Task statement:
With the exception of the pictures, transcribe the entire listing exactly.

---- Given information

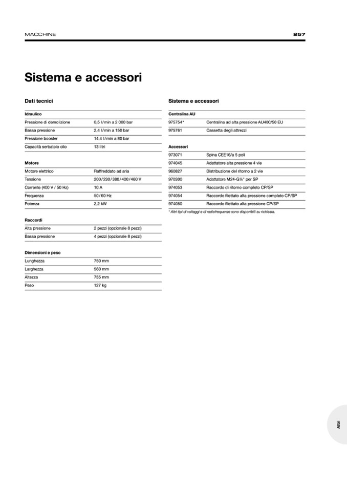 * Altri tipi di voltaggi e di radiofrequenze sono disponibili su richiesta.
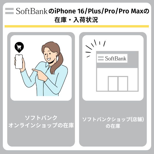 ソフトバンクのiPhone16/Plus/Pro/Pro Maxの在庫状況は、2つのどちらかで確認できます。
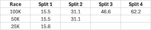 | Place | Div Place | Gen Place | Bib | First Name | Last Name | Gender | Age | City | State | Event | Division | Splits Complete | Gun Time | Status |
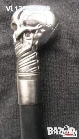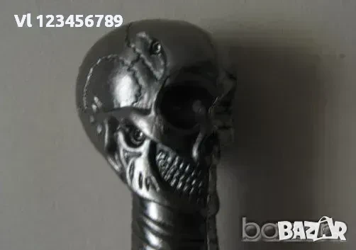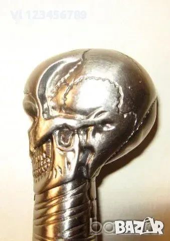 Ръкохватка - череп, двуделен, с размери около 44 х 55 х 55 мм изработен от сплав на цветни метали -в еликолепна имитация на патинирано сребро.

--------

Task output:
 * Altri tipi di voltaggi e di radiofrequenze sono disponibili su richiesta.
 ソフトバンクのiPhone16/Plus/Pro/Pro Maxの在庫状況は、2つのどちらかで確認できます。
 | Place | Div Place | Gen Place | Bib | First Name | Last Name | Gender | Age | City | State | Event | Division | Splits Complete | Gun Time | Status |
 Ръкохватка - череп, двуделен, с размери около 44 х 55 х 55 мм изработен от сплав на цветни метали -в еликолепна имитация на патинирано сребро.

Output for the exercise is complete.